Coefficient of Variation

The coefficient of vartiation (C) is defined as:

C \equiv \frac{\sigma^2}{{\left \langle x \right \rangle}^2}

Exponential

  • pdf: p(x) = λe − λx
  • \sigma^2 = \frac{1}{\lambda^2}
  • \left \langle x \right \rangle = \frac{1}{\lambda}
  • C = 1

Erlangian

  • pdf: b_r(x) = \frac{r\lambda \left(r\lambda x\right)^{r-1}e^{-r\lambda x}}{(r-1)!}\,\!
  • \sigma = \frac{1}{r \lambda}
  • \left \langle x \right \rangle = \frac{1}{\lambda}
  • C = \frac{1}{r^2} < 1 \ for\ r > 1


How do we get C > 1?

  • Answer: parallel servers

Why do we want C > 1?

  • Answer: For Heavy-Tail Distributions.
  • A Heavy-Tail Distribution is useful for systems with large variances (e.g. file sizes in a file system).

Parallel Servers

For each arrival, there is a probability αi of choosing server i with exponentially distributed service time μi.

Flow diagram for parallel servers
Flow diagram for parallel servers

The probability the service time for a given event is less than or equal to t is:

Prob[T\le t]= \sum_{i=1}^k {Prob[go\ to\ i]*Prob[T\le t\ |\ i]}

The second term is just the CDF of the service time, so the pdf of the service time is:

b(t)=\frac{\partial}{\partial t} Prob[T\le t] = \sum_{i=1}^k {\alpha_i \mu_i e^{- \mu_i t}}

This is also known as the hyperexponential distribution.

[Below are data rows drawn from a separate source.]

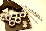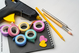 Crafting supplies and tools arranged on a workspace ready for creative projects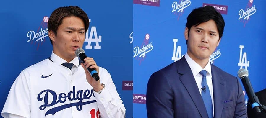 ドジャース・山本由伸(左)と大谷翔平【写真:Getty Images、小谷真弥】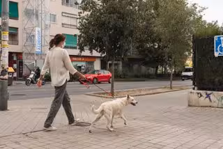 Una mujer paseando a un perro por la calle - UGR/ARCHIVO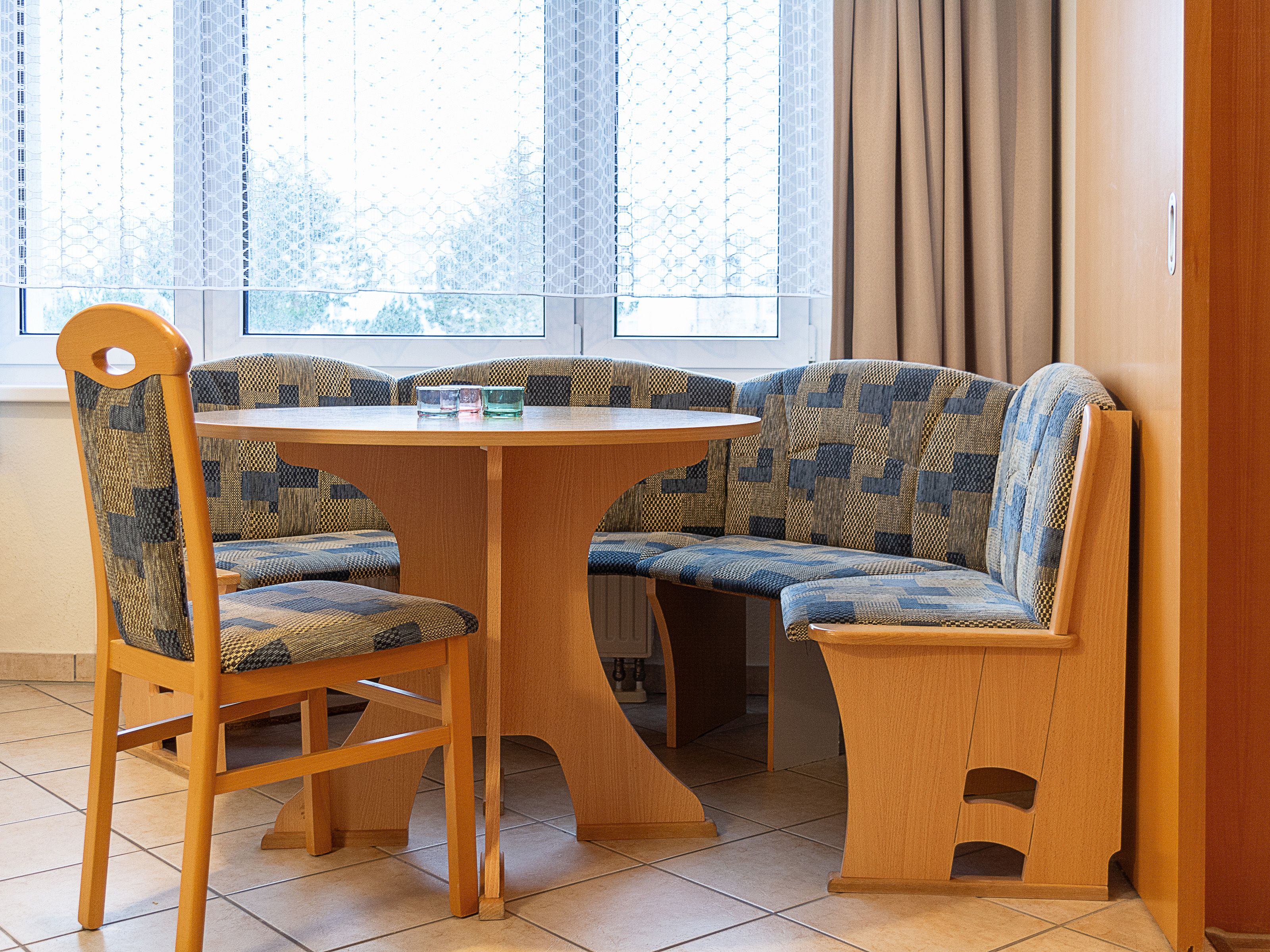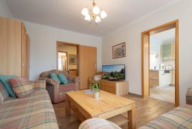 Der gemütliche Wohnraum ist ausgestattet mit einer Wohnlandschaft und einem 43-Zoll-Flachbild-TV. Die separate großzügig gestaltetet Küche mit einem gemütlichen Essbereich hält für Sie alle wichtigen Küchengeräte und -utensilien bereit, die Sie für Ihr perfektes Dinner benötigen: Ein 4-Zonen-Cerankochfeld mit Dunstabzug, ein Backofen, Kühlschrank mit Gefrierfach, ein Geschirrspüler sowie Mikrowelle befinden sich in der Küche. Eine Kaffeemaschine, ein Wasserkocher und ein Toaster sowie genügend Koch- und Essgeschirr vervollständigen die Kücheneinrichtung.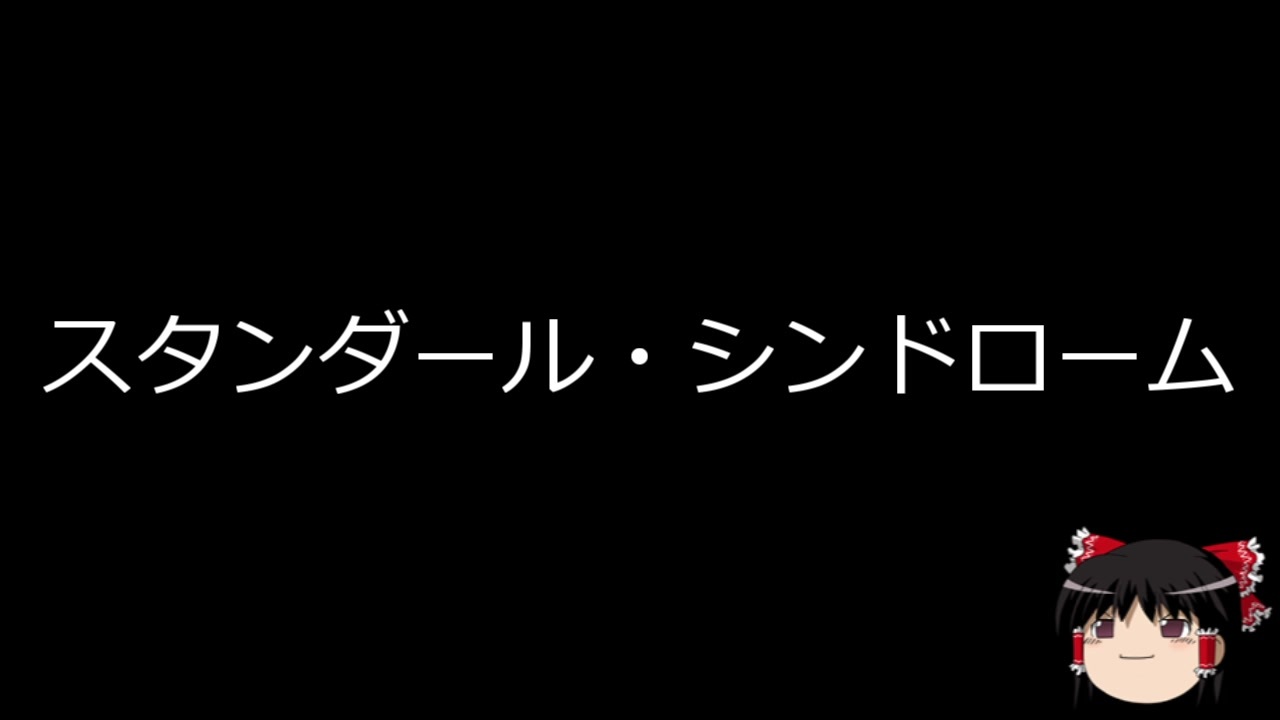 スタンダール・シンドローム<br><br>色んな病気をゆっくりさんに読んでもらいました。<br>基本的に短めに作っていきます。<br>Wikipediaコピペです<br><br>使用したBGM、SEはSenses Circuit→ttp://www.senses-circuit.com<br><br><a href="https://www.nicovideo.jp/watch/sm35488641" class="watch">sm35488641</a>←前 次→<a href="https://www.nicovideo.jp/watch/sm35514177" class="watch">sm35514177</a><br><br>不思議な病気マイリスト→<a href="https://www.nicovideo.jp/mylist/63539460" target="_blank" rel="noopener">mylist/63539460</a><br>日本事件簿マイリスト→<a href="https://www.nicovideo.jp/mylist/59772553" target="_blank" rel="noopener">mylist/59772553</a><br>SCPマイリスト→<a href="https://www.nicovideo.jp/mylist/59576028" target="_blank" rel="noopener">mylist/59576028</a><br>ゆっくり怪談マイリスト→<a href="https://www.nicovideo.jp/mylist/59576030" target="_blank" rel="noopener">mylist/59576030</a><br>PART1集→<a href="https://www.nicovideo.jp/mylist/59576031" target="_blank" rel="noopener">mylist/59576031</a><br>コミュ→co3663069<br>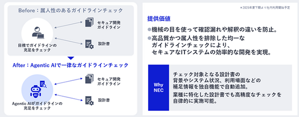 NECは、高品質かつ属人性を排除した均一なチェックを実現する「ガイドラインチェック用 Agentic AI」を開発し、2025年度下期から社内利用開始を目指すとしている。チェック対象となる設計書の背景やシステムの置かれている状況、システムが使われる場面などの補足情報をAgentic AIが自動で追加する独自の機能により、業種に特化した設計書であっても高精度なチェックを自律的に実施可能です。これにより、セキュアなITシステムの効率的な開発を実現する。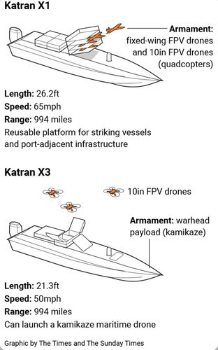 Кроме того, под каждым Катраном были подводные дроны-камикадзе, а фактически - торпеды с 80-килограммовой боевой частью.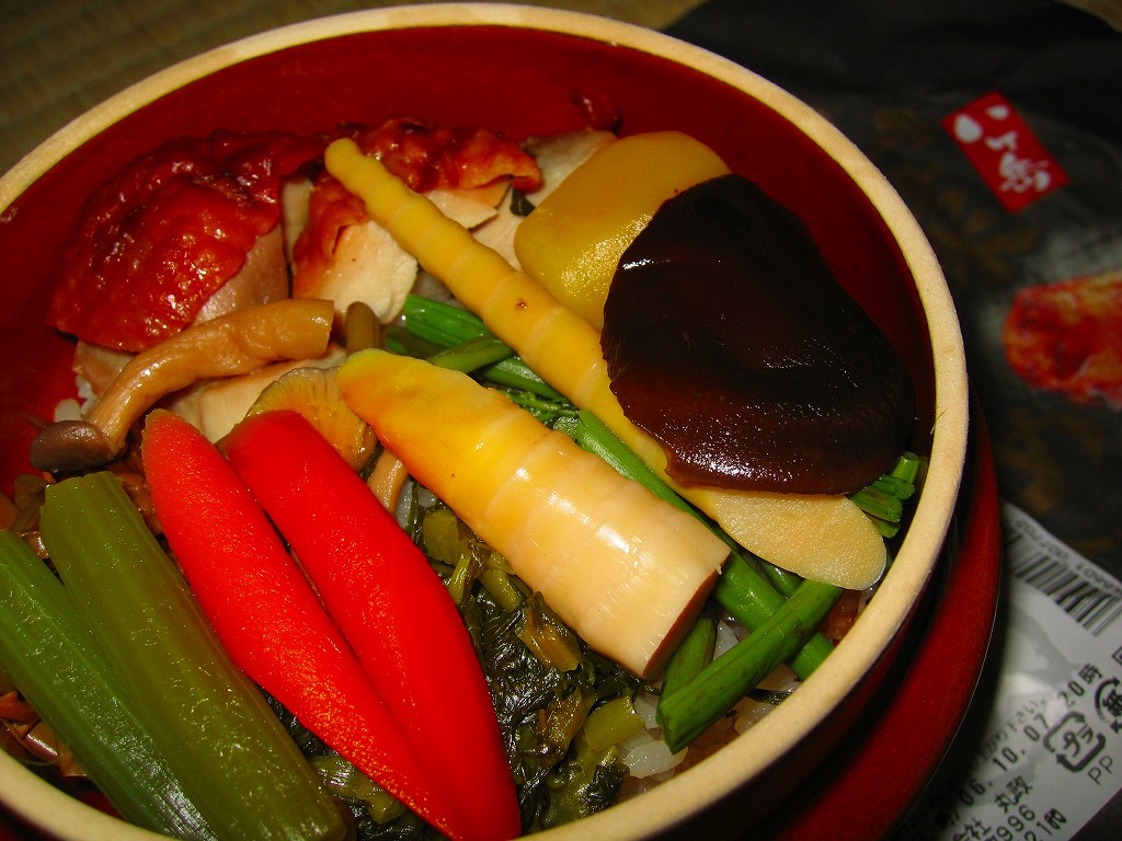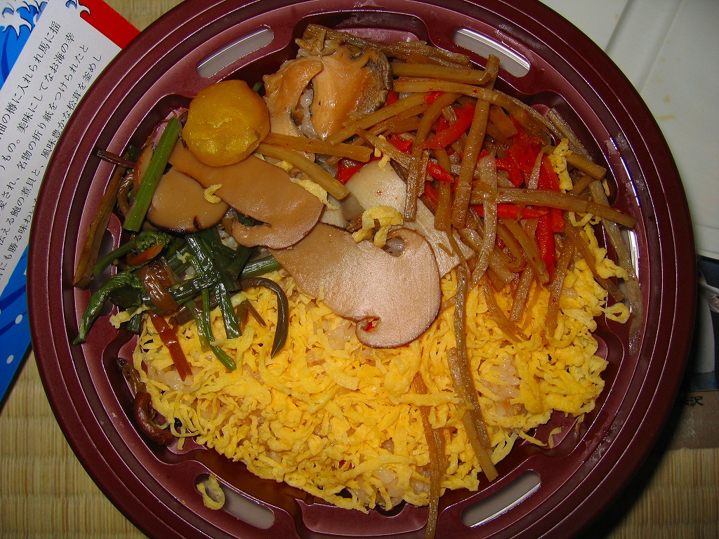 秋冬の駅弁大会シーズンに向けた、2004(平成16)年の秋の新商品か。円形の加熱機能付き容器を、賑やかな柄のボール紙にはめる。中身は茶飯の上に錦糸卵を敷き、松茸や山菜やきんぴらやアワビを載せるもの。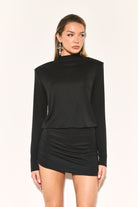 Slip into the MELIA Black Shoulder Pad Dress for a playful twist on a classic little black dress. With its stretchy fabric and bold shoulder pads, it hugs your curves while adding a confident, stylish edge.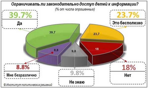 Более трети казахстанцев (39,7%) поддерживают законодательное ограничение доступа к информации. «Это нужное и своевременное решение, способствующее правильному воспитанию детей» - мнение недоминантного большинства.

Proof that C \ge 1 for Parallel Servers

The LaPlace transform of the pdf b(x) above is:

B^*(s) = \sum_{i=1}^k {\alpha_i \left ( \frac{\mu_i}{s + \mu_i} \right ) }

The first derivative is:

B^{*'}(s) = \sum_{i=1}^k {- \alpha_i \mu_i (s + \mu_i)^{-2} }

Thus, the mean is:

\left \langle x \right \rangle = B^{*'}(0) = - \sum_{i=1}^k { \frac{\alpha_i}{\mu_i} }

Now we know the denominator for the coefficient of variation. To determine the numerator 2), we can use the following relationships:

\sigma^2 = \left \langle x^2 \right \rangle - \left \langle x \right \rangle^2

\left \langle x^2 \right \rangle = \sum_{i=1}^k { \frac{2 \alpha_i}{\mu_i^2} } for a Markovian distribution.

Thus,

C = \frac{\sigma^2}{\left \langle x \right \rangle^2} = \frac{\left \langle x^2 \right \rangle - \left \langle x \right \rangle^2}{\left \langle x \right \rangle^2} = \frac{\left \langle x^2 \right \rangle}{\left \langle x \right \rangle^2} -1 = 2 \left ( \frac{\sum_{i=1}^k { \alpha_i \frac{1}{\mu_i^2} }}{\left ( \sum_{i=1}^k { \alpha_i \frac{1}{\mu_i} } \right )^2} \right ) -1 .

If f(x) = x^2, C = 2 \left ( \frac{\sum_{i=1}^k {\alpha_i f \left ( \frac{1}{\mu_i}\right )}}{f \left ( \sum_{i=1}^k {\alpha_i \frac{1}{\mu_i} } \right )} \right ) -1.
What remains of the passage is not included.